Background technique
With computing capability raising and science and technology development, Gesture Recognition using increasingly extensive.Traditional
When in face of the situation that classification information amount is big, environment is complex, recognition effect is often difficult satisfactory Gesture Recognition.
It is shown according to the data that the generaI investigation of newest China human mortality is announced, is reached more than 8500 in our all kinds of disabled person's sums of country
Ten thousand people, wherein hearing disabilities number is about 20,540,000, and speech disabilities number is about 1,300,000, accounts for national disabled person's sum respectively
24.16% and 1.53%.In terms of exchange, there are the deaf-mutes of IMPAIRED VERBAL COMMUNICATION to be handed over accordingly by sign language
Stream, there are great obstacles for the communication of they and normal person.But according to existing market investigate find, on the market presently, there are
Sign language interpreter equipment, it is most of be by using camera or surface myoelectric sensor to hand Posture acquisition user
Behavioral data.However, there is processing using the equipment of camera data volume be huge, visual dead angle and it is inconvenient to carry the disadvantages of;It adopts
Then expensive with surface myoelectric sensor device, most deaf-mutes can not undertake.In fact, this is exactly one kind by palm in fact
The dynamic data that upper each site sensor obtains, by a kind of sophisticated identification algorithm combined carry out parsing sign language instruction again with
Gesture library is matched, then by signal by converting and then obtaining voice or text information, difficult point is just in dynamic Sign Language Recognition
On algorithm.
The feature of dynamic gesture is mainly track, and track is the sequence of spatial position coordinate pair time, and the same gesture exists
Therefore possible cause different in size in time series it is different to can be very good solution time span using dynamic time warping algorithm
The problem of cause.
Dynamic time warping (DTW) is a very famous algorithm, is applied to field of speech recognition in early days, up to now
Through being widely used in multiple fields.The concept of time series has application in many fields, and DTW is thought based on Dynamic Programming
Think, can be used for the similarity calculation between the inconsistent time series of length.Distortion measurement in DTW algorithm can apply Europe
Family name's distance can also use log-likelihood ratio distance, and algorithm is simple, recognition correct rate is high.

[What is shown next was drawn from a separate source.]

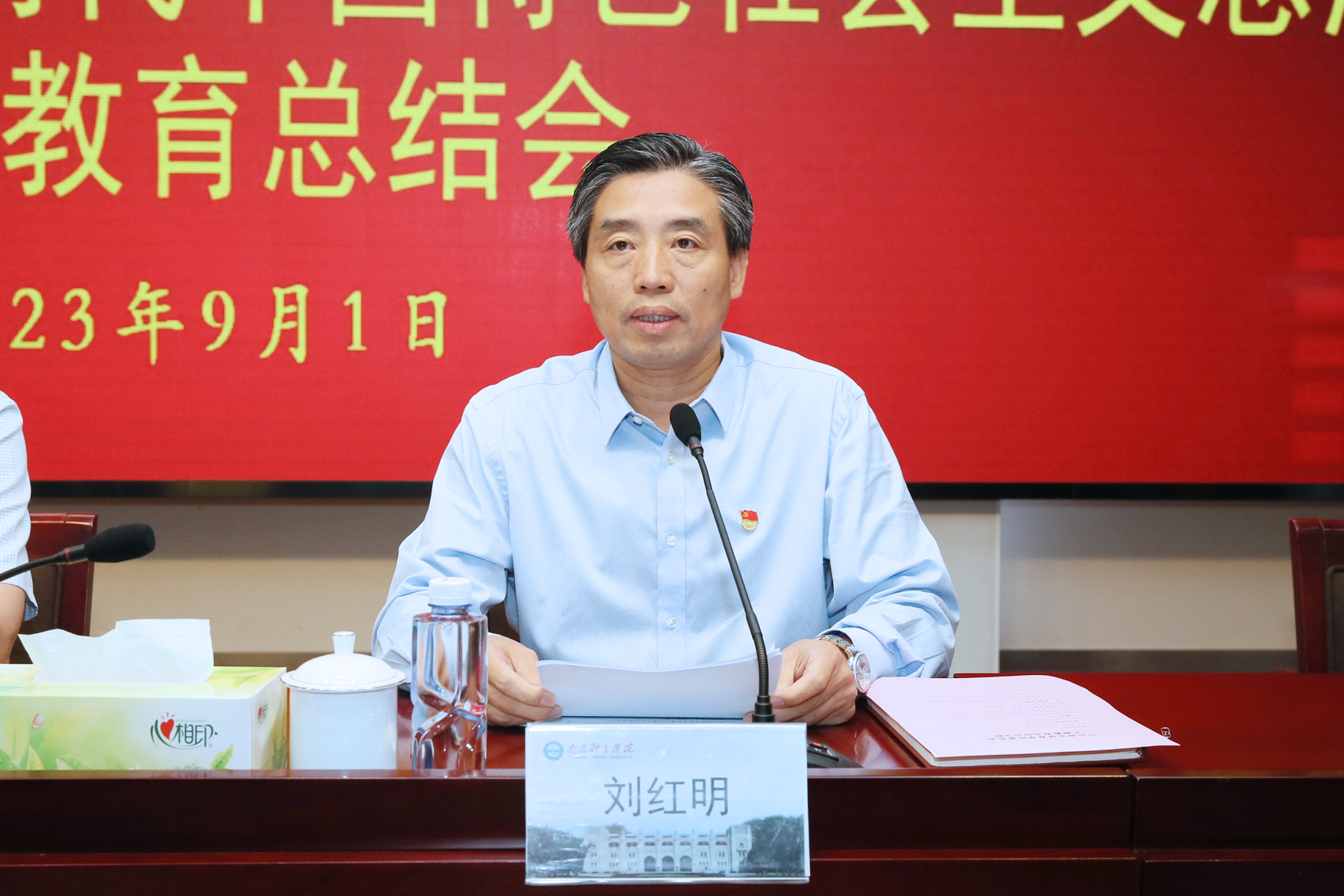 党委书记刘红明作主题教育工作总结

Hidden Markov model (HMM) algorithm is a kind of classic algorithm of dynamic hand gesture recognition, applies know in voice earliest
Other field, after in Computer Image Processing and mobile communication, the fields such as biological information are also used widely.The algorithm is based on horse
Markov's chain model, current state cannot be observed to obtain, but the observation state before passing through is calculated, each observe to
Amount is indicated by a status switch, this status switch has probability density distribution corresponding with observation vector.Ma Erke
Husband's model parameter can use discrete probability distribution function, using maximum posteriori criterion as decision-making technique.Hidden Ma Erke
Husband's algorithm is widely used in dynamic hand gesture recognition, and real-time is good, accuracy is high.

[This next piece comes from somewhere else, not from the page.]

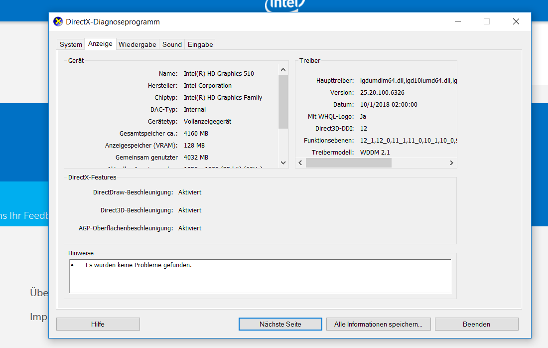 (17.10.2018 - 16:51)ecki123 schrieb: intel HD Graphics 510 den Download des aktuellen Treibers in der Version 25.20.100.6326 vom 09.10.2018 für Windows 10 x64 gibt's auf den intel Support-Seiten. Alternativ kann man für eine automatische Erkennung und Installation aktueller Treiber usw. auch den 'intel Treiber- und Support-Assistenten' verwenden. Norbert

Although DTW algorithm and HMM algorithm are applied in dynamic hand gesture recognition, the accuracy of identification and recognition speed all can
When being greatly improved, but being applied in dynamic Sign Language Recognition, calculation amount is just very huge, search space and road
Diameter is complicated, and algorithm optimization if inappropriate, then will affect the performance that arithmetic analysis instruction is realized.Especially in some cases,
Dynamic time warping (DTW) this algorithm is attempted to explain the variation in y-axis by distortion x-axis, this will lead to unnatural rule
It is whole, so that the certain point on time-serial position has been mapped to a certain section of longer section on another time-serial position.
Summary of the invention
The purpose of the method for the present invention is optimization and reconstructs a kind of recognizer, and finds a kind of system side according to this algorithm
Case, solution is computationally intensive on dynamic Sign Language Recognition algorithm at present, and resolution is inaccurate, and recognition speed is low, recognizer
Power consumption is big, low efficiency, the problem of to mobile platform bad adaptability etc..
The present invention provides based on DTW and HMM algorithm dynamic Sign Language Recognition algorithm realize design method, realization it is hard
Part platform is using STM32F103RCT6 minimum system as processor, and μ COS system is as platform, built in hardware platform at ARM
Reason.The invention firstly uses Baum-Welch algorithms repeatedly to be trained, and trains independent HMM model parameter for each gesture,
We acquire 20 frame data for each isolated sign words altogether, and frame period 30ms obtains stable test template, sent by WIFI
To the end PC, being then copied to sign language data template can be inserted on MCU in SDIO mouthfuls of SD card, then start to be adopted by each sensor
Collect all data, receives and stores data into micro treatment module, analog quantity therein is converted to digital quantity by ADC, by number
It according to fusion, filtering processing, is transferred in primary processor by WiFi module, is driven by code and carry out data processing, be packaged, then read
The gesture template in SD card is taken, adaptation function is finally called to carry out gesture identification using DTW and HMM algorithm, end of identification returns
On the one hand the functional value for representing gesture sign language shows text information on OLED, while utilizing the communication of UART on the other hand
Mode transmits information to voice synthetic module, and then carries out voice broadcast, to realize entire identification process.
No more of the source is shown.